**Dataset excerpt**
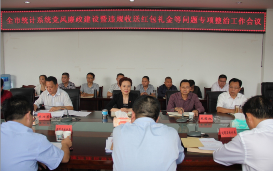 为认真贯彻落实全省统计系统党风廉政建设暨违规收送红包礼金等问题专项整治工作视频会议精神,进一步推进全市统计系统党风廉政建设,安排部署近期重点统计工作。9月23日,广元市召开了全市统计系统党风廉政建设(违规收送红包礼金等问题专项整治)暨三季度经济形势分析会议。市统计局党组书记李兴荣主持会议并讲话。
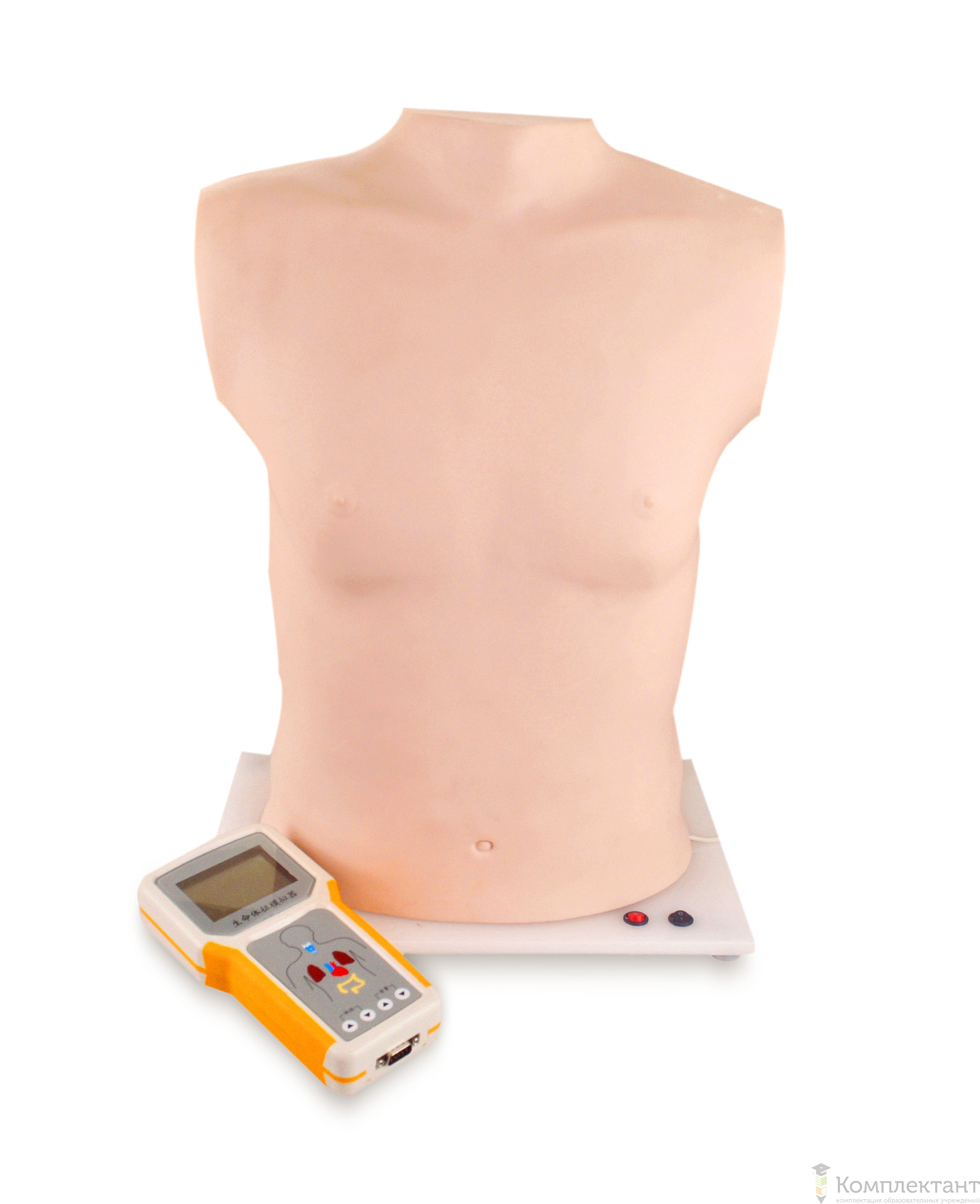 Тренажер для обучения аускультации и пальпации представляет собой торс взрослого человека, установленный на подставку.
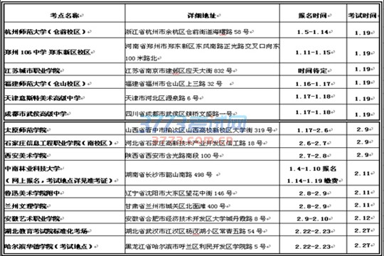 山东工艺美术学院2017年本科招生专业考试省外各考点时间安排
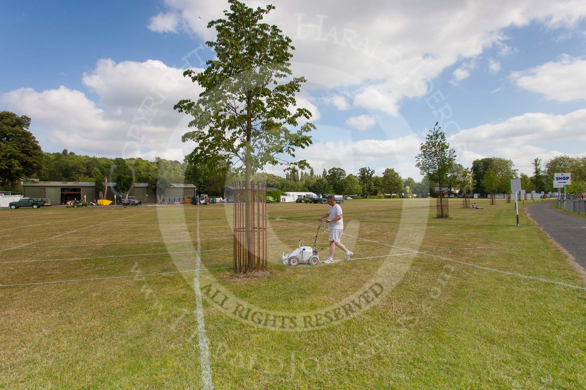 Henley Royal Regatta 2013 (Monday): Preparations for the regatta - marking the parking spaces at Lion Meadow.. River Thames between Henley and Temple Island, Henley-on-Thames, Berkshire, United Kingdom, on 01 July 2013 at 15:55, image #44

**Exercise**
Word for word, retype the lines from the one that contains "山东工艺美术学院2017年本科招生专业考试省外各考点时间安排" through the final line of the data, both ends included, excluding pictures.

**Finished exercise**
 山东工艺美术学院2017年本科招生专业考试省外各考点时间安排
 Henley Royal Regatta 2013 (Monday): Preparations for the regatta - marking the parking spaces at Lion Meadow.. River Thames between Henley and Temple Island, Henley-on-Thames, Berkshire, United Kingdom, on 01 July 2013 at 15:55, image #44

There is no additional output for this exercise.